His Lal Masjid isn’t red anymore — the government has repainted it limestone yellow and the minarets and the dome are white. “They wanted to wash away the blood and the smoke and the soot on the walls... but, can you just whitewash blood-stained walls,” he asks.
The Lal Masjid, once the centre for hardline Deobandi teachings, now just holds prayer services. The almost two-acre Jamia Hafsa madarsa complex has been razed to the ground completely.
His aide, Syed Ali Hussain, a telecom engineering student from Islamabad’s Jamia Hamdard, says, “We don’t know how many of our brothers and sisters are buried beneath this ground.
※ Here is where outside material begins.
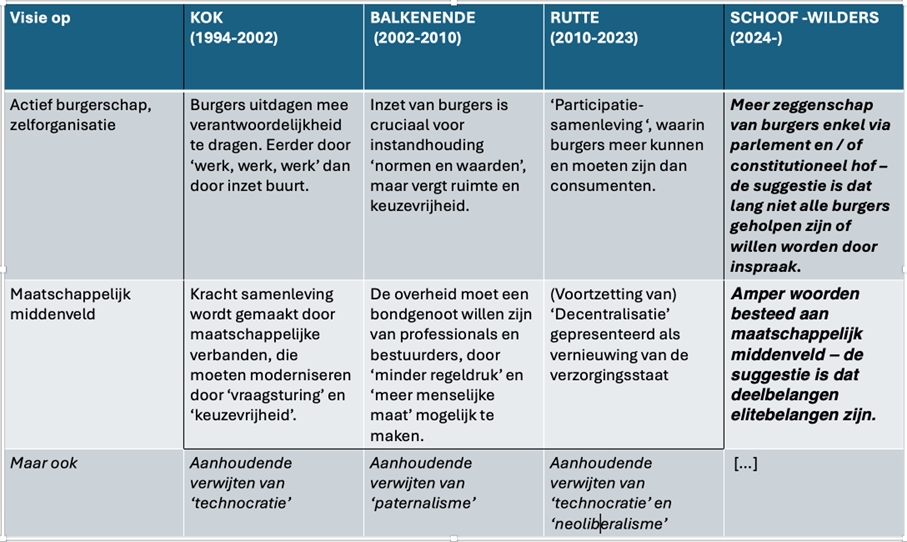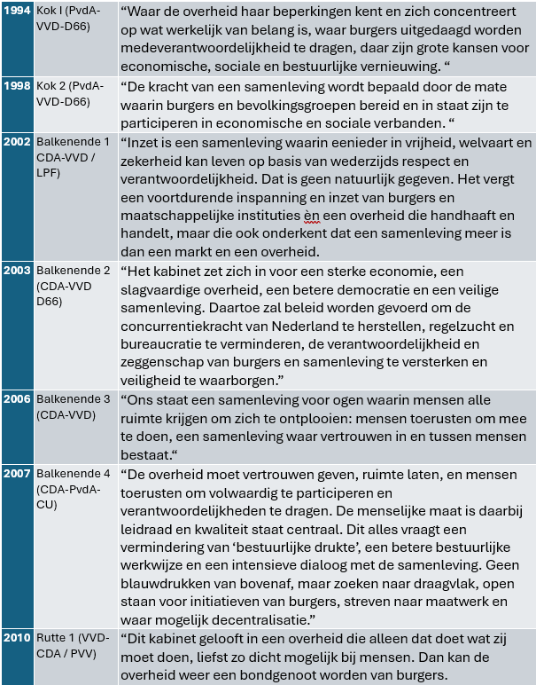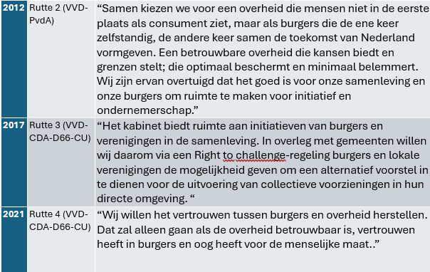 Wie daar nog het hoofd over wil breken, kan eventueel gebruikmaken van de bijgaande overzichten, samengesteld voor mijn recente lezingen voor onder meer de gemeente Amsterdam en het ministerie van Binnenlandse Zaken en Koninkrijksrelaties. Er is te zien wat de voorgaande regeringen zeiden over burgers en middenveld, opdat het contrast helder wordt.

There were around 3,000 students... even if we subtract 1,300 young men and women who surrendered, there are still 1,700 students missing.”
The Maulana describes “possession of weapons including rocket launchers and machine guns” as pure government propaganda, but says, “there were 13-14 guns in the seminary for self-defence... and according to UN guidelines, one can keep weapons for self-defence”.
The Maulana adds that “violence always begets violence, it never achieves peace”. “The siege of Lal Masjid was not an action, but a reaction... in our Islamic traditions, there is no room for violence,” he says.
On whether he supports “suicide bombing”, the cleric doesn’t give a straight answer. “The Ulemas who are engaged in jehad are better placed to answer this question, but we have to see the root cause of why people turn to suicidal missions.”
As for the current civil unrest following Benazir’s death, he says, “All this is happening because the nation is deviating from Islamic traditions and practices.”